Courage, confidence and employable skills are all invaluable to these men upon release, as Clegg can attest.
“I’m a success story,” Clegg said. “I learned as much as I could in there and I got out and I’m actually living a life off what I’ve learned and actually raising a family with it, off my earnings from it. I’m actually staying out of trouble.”
Clegg was one of the first men who went through the program to be released from prison. He reached out to Zwerver, who helped him create a resume and put him in touch with contacts in the industry. Within two weeks, he had a job offer. Now, more than a year later, Clegg is continuing work in tree management.

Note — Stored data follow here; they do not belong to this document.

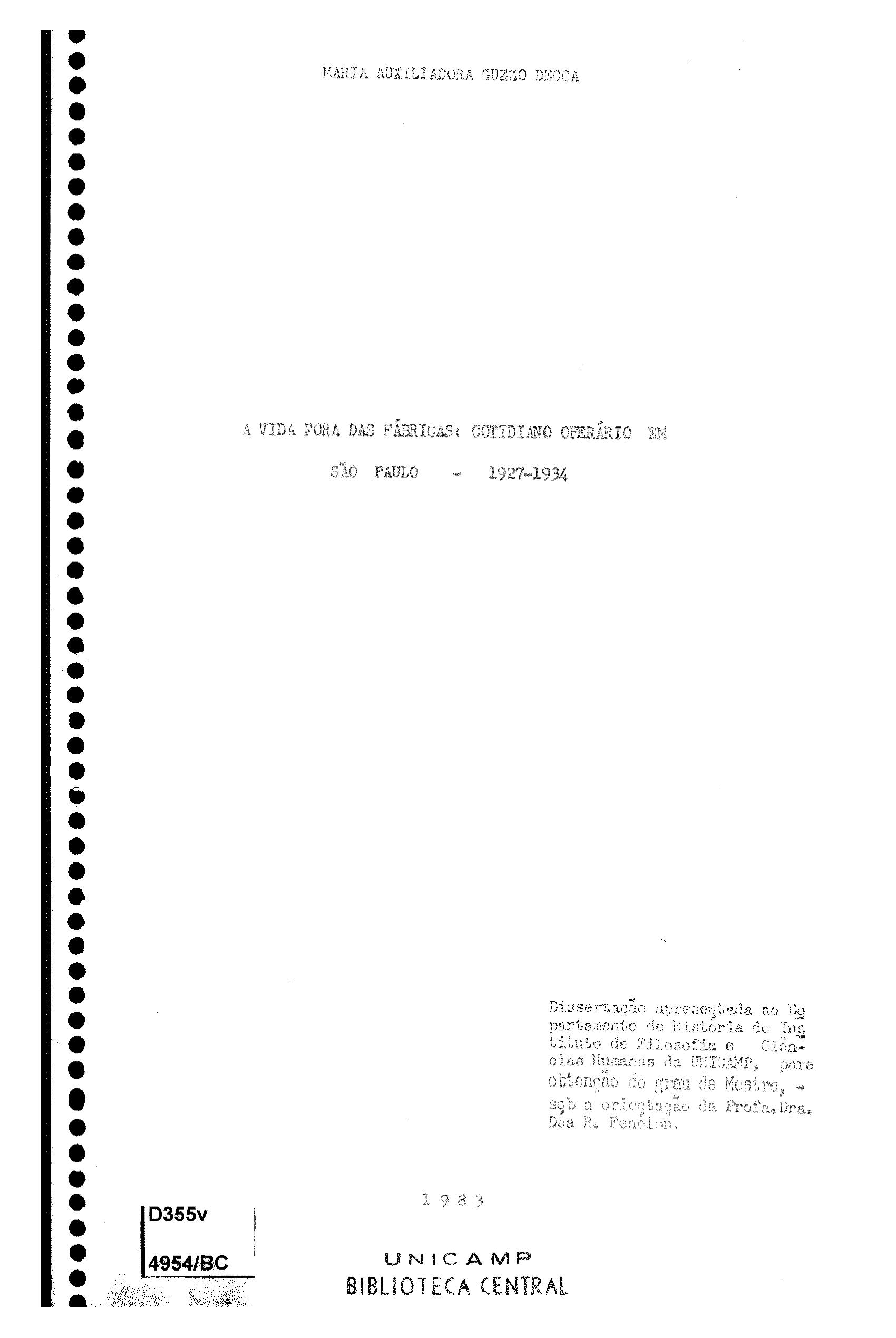 Maria Auxiliadora Guzzo de Decca (Orientador: Déa Ribeiro Fenelon)
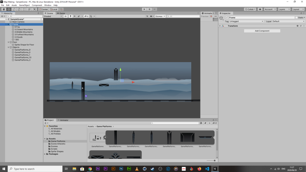 - The floor sprite has been turned into a Sprite Shape for easy access and creation between multiple scenes
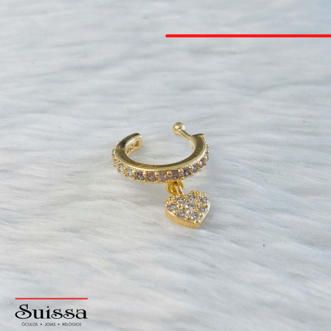 Piercing folheado a ouro 18K, com acabamento polido, pingente de coração e todo cravejado de zircônias brancas.
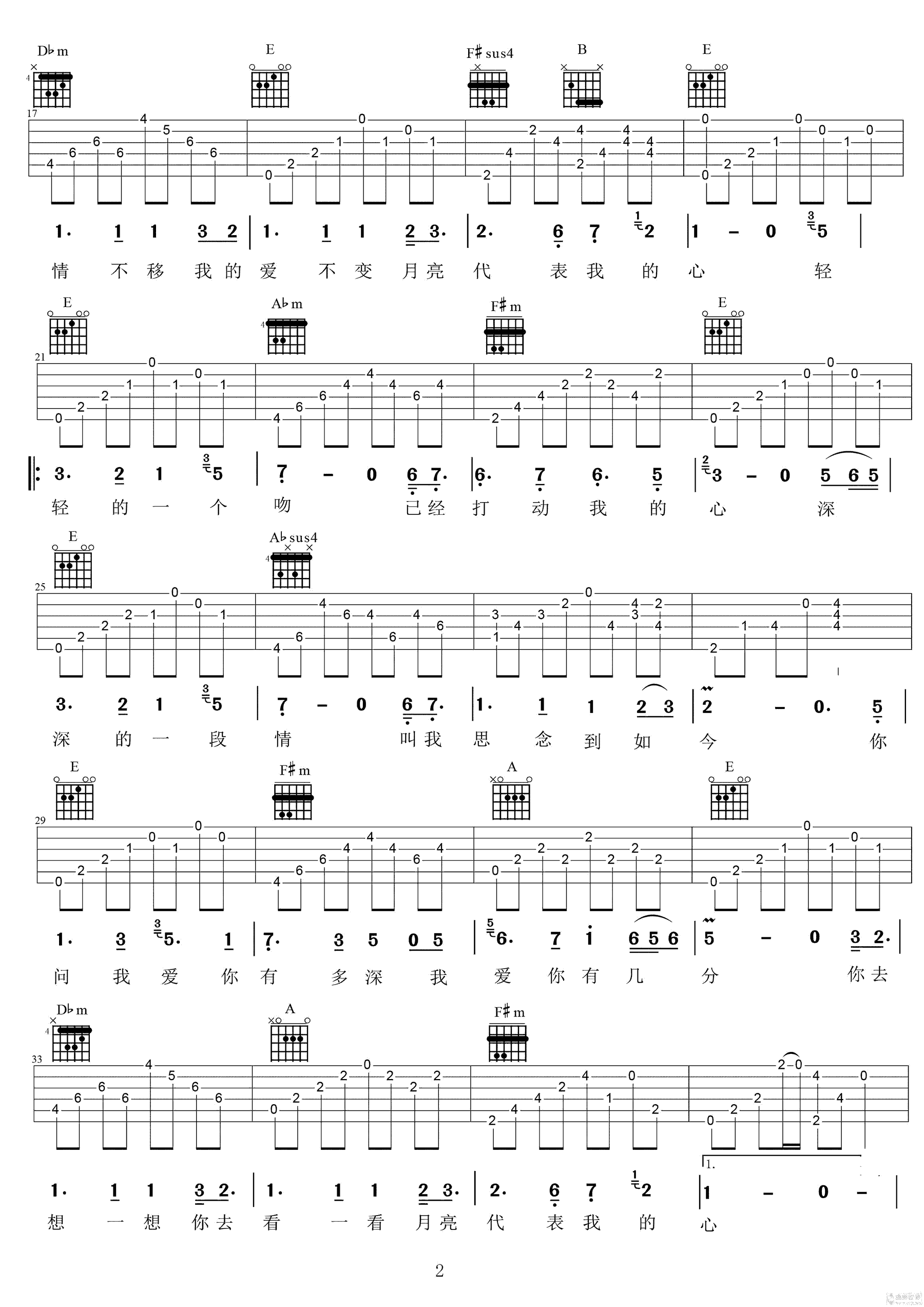 月亮代表我的心 歌词 词:孙仪 曲:翁清溪 轻轻的一个吻 已经打动我的心 深深的一段情 教我思念到如今 你问我爱你有多深 我爱你有几分 我的情也真 我的爱也真 月亮代表我的心 你问我爱你有多深 我爱你有几分 我的情不移 我的爱不变 月亮代表我的心 轻轻的一个吻 已经打动我的心 深深的一段情 教我思念到如今 你问我爱你有多深 我爱你有几分 你去想一想 你去看一看 月亮代表我的心 轻轻的一个吻 已经打动我的心 深深的一段情 教我思念到如今 你问我爱你有多深 我爱你有几分 你去想一想 你去看一看 月亮代表我的心 你去想一想 你去看一看 月亮代表我的心
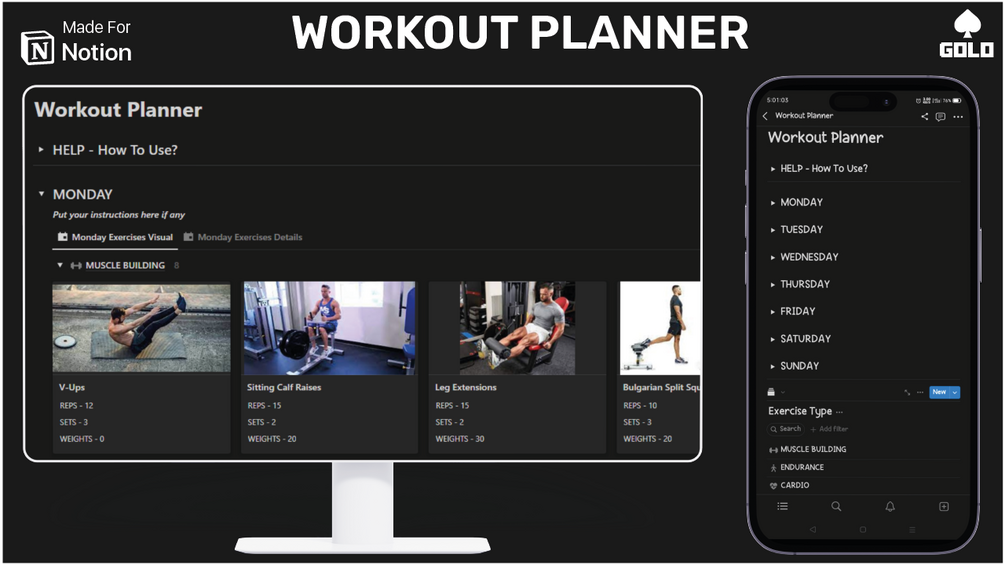 - Weekly Planning: Plan workouts for each day of the week from Monday to Sunday, including exercise details and instructions specific to each day.
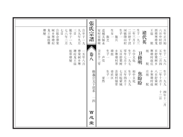 塘埂 龙王庙组寒 树乡寒塘村 公妣合葬棠 七日 七六年二月 妣卒于一九 三日 九九年九月 公卒于一九 安村宋德树 适城关镇永 生女一 生子一 河镇绕山村 二日舒干汊 二年三月十 生于一九三 禇代英 王庙 西塘寒塘龙 六日申时舒 五年正月初
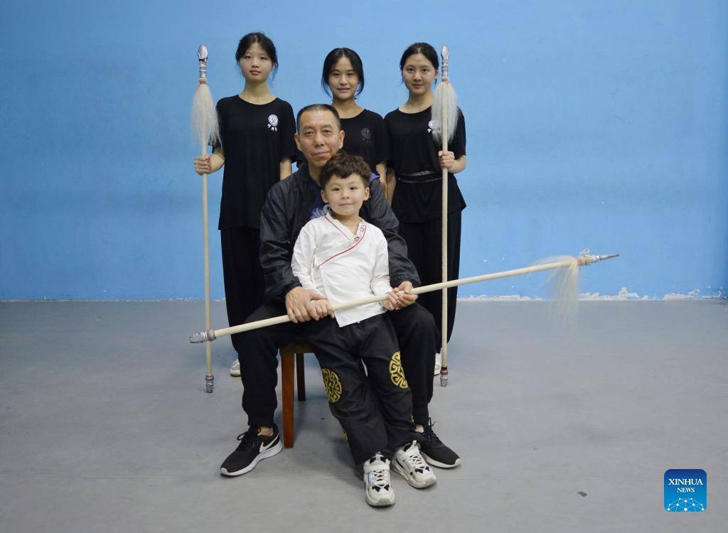 Hua Hua poses for group photos with his master Zhang Lianseng and other apprentices in Chengdu, southwest China's Sichuan Province, May 27, 2022. Hua Hua (nickname), a 6-year-old boy, is a Sichuan opera fan, learner and an internet celebrity with more than 8 million fans following his learning process. Influenced by his father Zhou Zhenghua, who is a professional Sichuan opera actor, Hua Hua has started to learn basic skills of Sichuan Opera for a while. In January this year, Hua Hua became an apprentice of Sichuan opera master Zhang Lianseng for further learning. (Xinhua/Liu Kun)
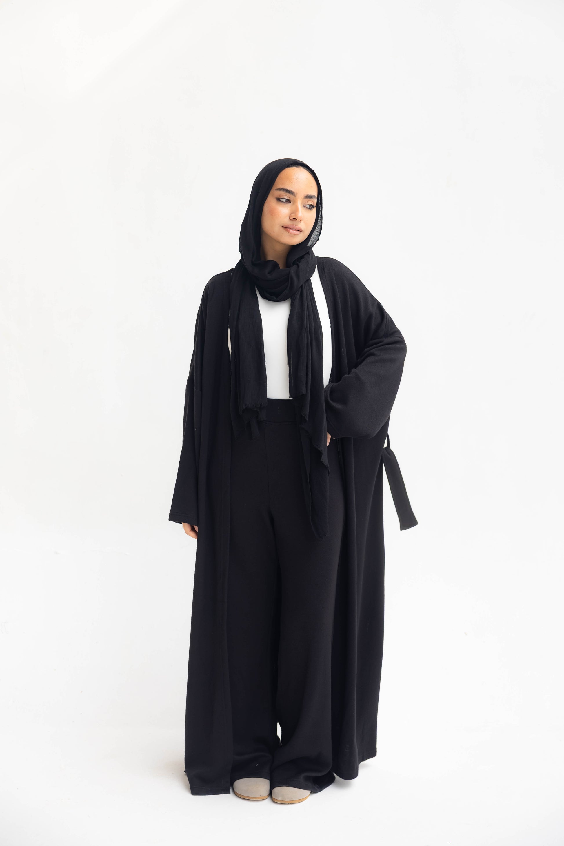-Knit Long Cardigan: This cozy cardigan features an open front design and gentle flow, making it perfect for layering. The long length adds elegance and warmth, while the versatile black color complements any outfit.
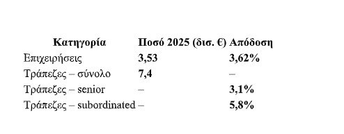 Τα στοιχεία αυτά παρέχει η ενδιάμεση έκθεση της Τράπεζας της Ελλάδος. Οι ελληνικές μη χρηματοπιστωτικές επιχειρήσεις εντός του 2025 προχώρησαν σε επτά νέες εκδόσεις συνολικού ύψους 3,53 δισ. ευρώ, οι οποίες έχουν πραγματοποιηθεί με σημαντικά χαμηλότερο κόστος χρηματοδότησης σε σχέση με τις προηγούμενες εκδόσεις.
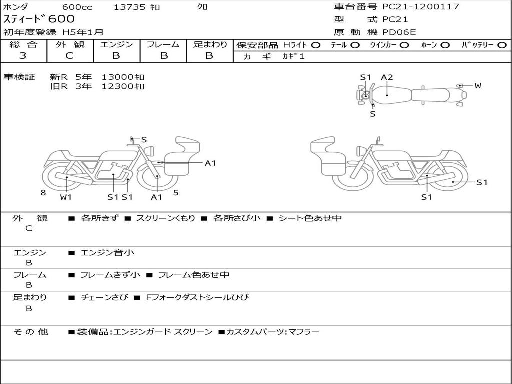 | Номер рамы / VIN | PC21-1200117 |

“My life before this, before the program, was basically either like death or prison,” Clegg said. “Prison actually turned out to be a blessing for me because it changed my life in so many ways, especially the forestry camp and having the opportunity to do that: Complete that program and learn so much there. It opened the doors.”
“Now I have a purpose,” he explained. “And I actually get up every morning and like going to work.”
Having steady employment that you enjoy can be crucial to successfully re-entering society. Before going through the program, Clegg said he was in and out of prison. Now, he’s been out and employed for more than a year. “There’s no question that this type of training does help to reduce the recidivism rates,” Renninger said. In Pennsylvania, 60 percent of released inmates are re-arrested or return to prison within three years.
Growing up, Clegg’s parents owned a landscaping business, so he’s had a connection with the outdoors since his youth. Despite that, he said he wouldn’t have considered pursuing a green job without the forestry camp. “I think I was always interested in being outside, but the program gave me a different outlook on the environment as a whole,” Clegg said. “As soon as I went to the forestry camp, I made the decision that this is what I want to do. The program just resparked that passion.”
That passion is something he’s now able to pass on to his children. “We get outside a lot,” Clegg said. “It is kind of neat because my middle daughter, she’s always asking me, like, ‘Daddy, what kind of tree is that?’ And she wants to learn how to climb someday.”
The views expressed by columnists are not necessarily those of the Bay Journal.